EXERCISE PROMPT:
Only the lines running from the line with "今天要从皮皮岛回曼谷,我们提" to the end of the listing below should be copied, exactly, without pictures.

* * * *

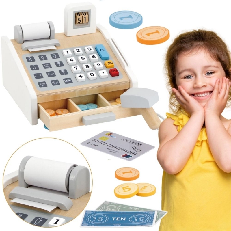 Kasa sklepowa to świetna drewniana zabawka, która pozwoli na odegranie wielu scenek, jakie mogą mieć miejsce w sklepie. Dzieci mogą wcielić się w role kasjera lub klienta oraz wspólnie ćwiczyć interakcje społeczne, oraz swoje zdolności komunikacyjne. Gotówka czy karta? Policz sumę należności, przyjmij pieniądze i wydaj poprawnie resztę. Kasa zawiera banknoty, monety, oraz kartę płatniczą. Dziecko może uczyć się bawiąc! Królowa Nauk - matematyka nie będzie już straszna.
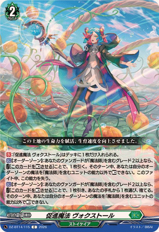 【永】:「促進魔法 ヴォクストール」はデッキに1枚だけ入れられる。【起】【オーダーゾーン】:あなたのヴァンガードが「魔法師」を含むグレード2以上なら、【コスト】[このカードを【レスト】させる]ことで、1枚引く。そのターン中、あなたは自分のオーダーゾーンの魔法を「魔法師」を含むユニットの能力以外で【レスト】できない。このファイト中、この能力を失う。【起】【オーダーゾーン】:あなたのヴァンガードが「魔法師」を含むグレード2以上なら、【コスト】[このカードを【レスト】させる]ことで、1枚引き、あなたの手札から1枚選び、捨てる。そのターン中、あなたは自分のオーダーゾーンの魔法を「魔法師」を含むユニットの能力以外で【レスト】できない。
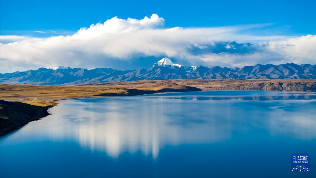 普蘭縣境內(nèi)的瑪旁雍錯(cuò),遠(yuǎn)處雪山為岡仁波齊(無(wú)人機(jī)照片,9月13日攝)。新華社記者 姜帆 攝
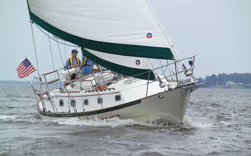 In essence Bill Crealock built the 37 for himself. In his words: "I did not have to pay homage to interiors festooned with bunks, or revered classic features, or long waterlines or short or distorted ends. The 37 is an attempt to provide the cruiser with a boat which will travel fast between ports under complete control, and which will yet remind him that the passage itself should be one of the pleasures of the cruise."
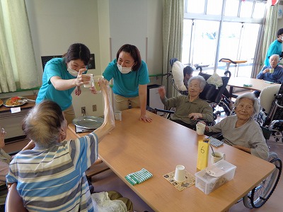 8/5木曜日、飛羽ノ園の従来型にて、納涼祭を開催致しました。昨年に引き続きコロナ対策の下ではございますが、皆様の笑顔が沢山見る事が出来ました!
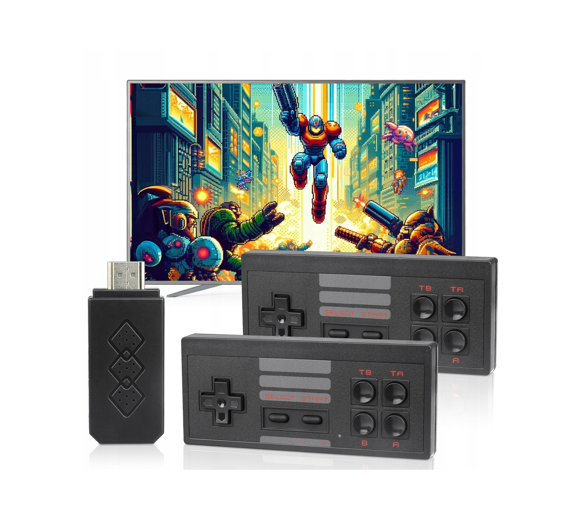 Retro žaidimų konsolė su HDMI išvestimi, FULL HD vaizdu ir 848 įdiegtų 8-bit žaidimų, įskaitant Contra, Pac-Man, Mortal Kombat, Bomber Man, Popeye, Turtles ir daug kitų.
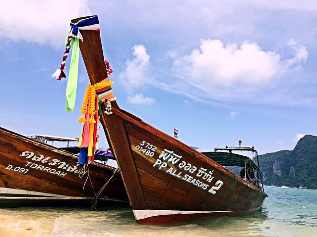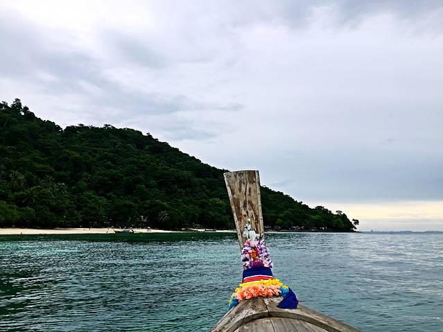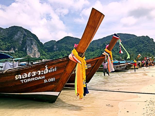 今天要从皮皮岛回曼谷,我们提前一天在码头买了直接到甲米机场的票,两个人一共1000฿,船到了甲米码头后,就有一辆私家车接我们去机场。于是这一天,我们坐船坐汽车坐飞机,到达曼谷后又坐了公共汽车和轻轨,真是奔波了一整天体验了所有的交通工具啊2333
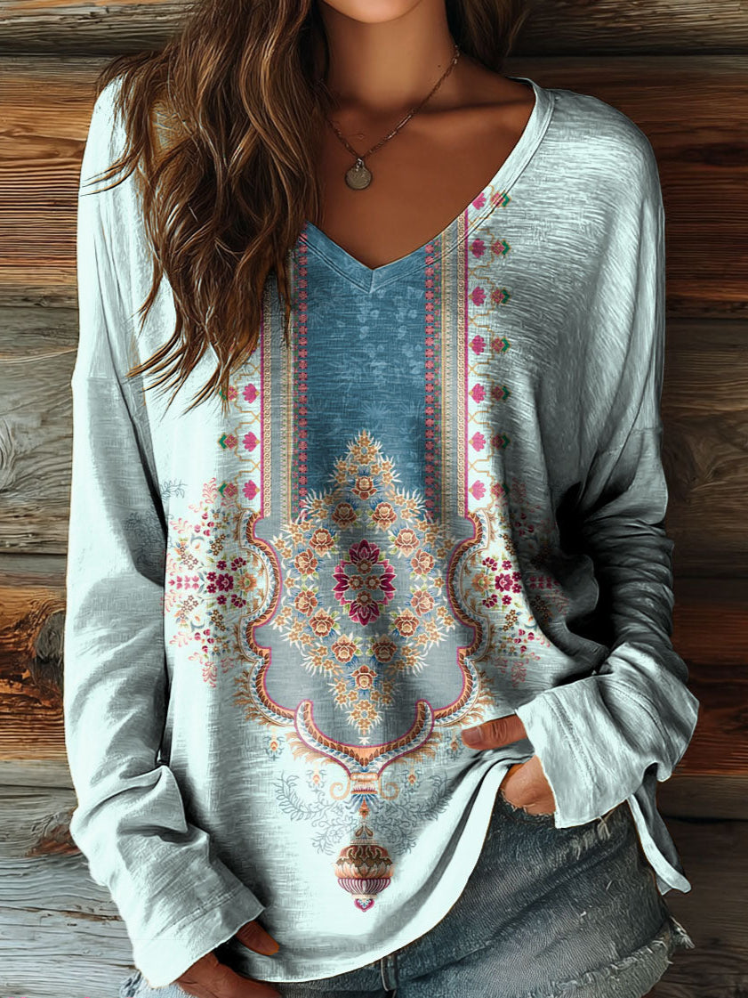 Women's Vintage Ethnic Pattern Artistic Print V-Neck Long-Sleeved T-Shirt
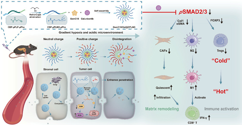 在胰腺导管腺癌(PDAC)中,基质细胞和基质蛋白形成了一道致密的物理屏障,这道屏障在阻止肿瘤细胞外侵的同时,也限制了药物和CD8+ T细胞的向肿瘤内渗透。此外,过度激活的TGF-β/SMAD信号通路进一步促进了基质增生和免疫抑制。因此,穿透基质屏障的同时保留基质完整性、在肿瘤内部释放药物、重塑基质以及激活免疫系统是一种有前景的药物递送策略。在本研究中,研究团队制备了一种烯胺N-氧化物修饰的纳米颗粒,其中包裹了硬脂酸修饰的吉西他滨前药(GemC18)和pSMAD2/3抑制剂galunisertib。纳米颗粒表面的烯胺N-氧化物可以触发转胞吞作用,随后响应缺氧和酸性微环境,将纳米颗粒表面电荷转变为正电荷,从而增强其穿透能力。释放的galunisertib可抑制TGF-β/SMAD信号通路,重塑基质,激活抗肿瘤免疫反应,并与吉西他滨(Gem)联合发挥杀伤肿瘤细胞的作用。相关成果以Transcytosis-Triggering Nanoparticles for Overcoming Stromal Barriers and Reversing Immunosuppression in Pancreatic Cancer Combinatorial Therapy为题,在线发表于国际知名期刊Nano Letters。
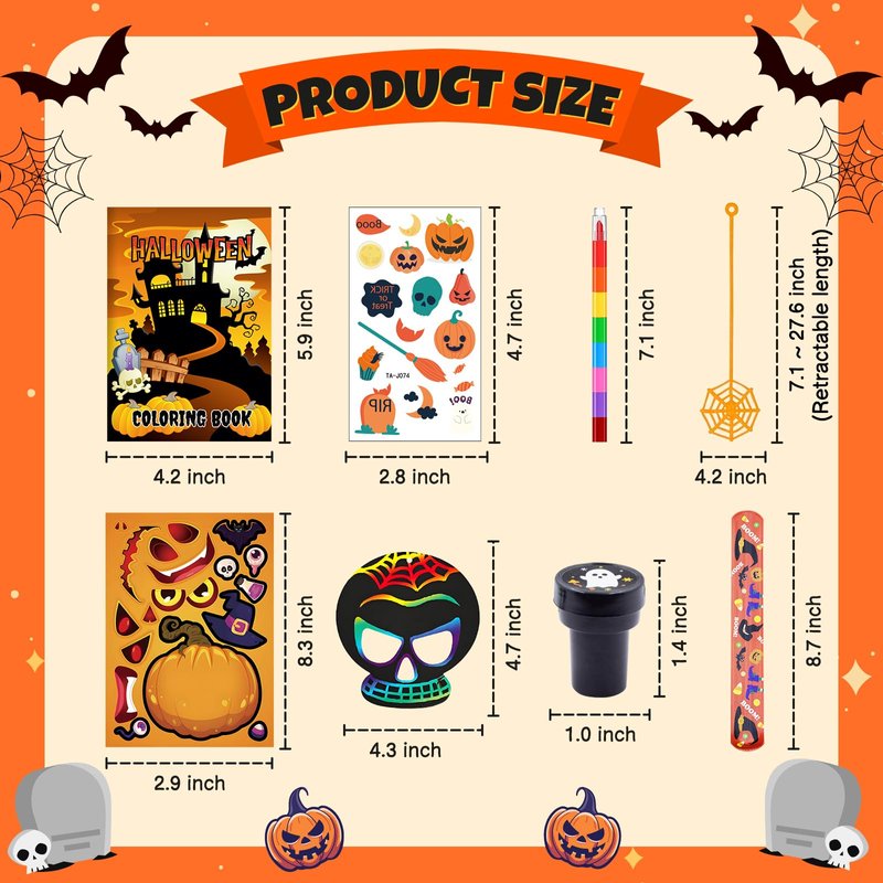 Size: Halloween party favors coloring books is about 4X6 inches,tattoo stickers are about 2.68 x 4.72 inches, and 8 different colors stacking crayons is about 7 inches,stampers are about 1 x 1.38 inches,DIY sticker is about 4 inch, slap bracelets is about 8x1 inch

* * * *

EXERCISE SOLUTION:
 今天要从皮皮岛回曼谷,我们提前一天在码头买了直接到甲米机场的票,两个人一共1000฿,船到了甲米码头后,就有一辆私家车接我们去机场。于是这一天,我们坐船坐汽车坐飞机,到达曼谷后又坐了公共汽车和轻轨,真是奔波了一整天体验了所有的交通工具啊2333
 Women's Vintage Ethnic Pattern Artistic Print V-Neck Long-Sleeved T-Shirt
 在胰腺导管腺癌(PDAC)中,基质细胞和基质蛋白形成了一道致密的物理屏障,这道屏障在阻止肿瘤细胞外侵的同时,也限制了药物和CD8+ T细胞的向肿瘤内渗透。此外,过度激活的TGF-β/SMAD信号通路进一步促进了基质增生和免疫抑制。因此,穿透基质屏障的同时保留基质完整性、在肿瘤内部释放药物、重塑基质以及激活免疫系统是一种有前景的药物递送策略。在本研究中,研究团队制备了一种烯胺N-氧化物修饰的纳米颗粒,其中包裹了硬脂酸修饰的吉西他滨前药(GemC18)和pSMAD2/3抑制剂galunisertib。纳米颗粒表面的烯胺N-氧化物可以触发转胞吞作用,随后响应缺氧和酸性微环境,将纳米颗粒表面电荷转变为正电荷,从而增强其穿透能力。释放的galunisertib可抑制TGF-β/SMAD信号通路,重塑基质,激活抗肿瘤免疫反应,并与吉西他滨(Gem)联合发挥杀伤肿瘤细胞的作用。相关成果以Transcytosis-Triggering Nanoparticles for Overcoming Stromal Barriers and Reversing Immunosuppression in Pancreatic Cancer Combinatorial Therapy为题,在线发表于国际知名期刊Nano Letters。
 Size: Halloween party favors coloring books is about 4X6 inches,tattoo stickers are about 2.68 x 4.72 inches, and 8 different colors stacking crayons is about 7 inches,stampers are about 1 x 1.38 inches,DIY sticker is about 4 inch, slap bracelets is about 8x1 inch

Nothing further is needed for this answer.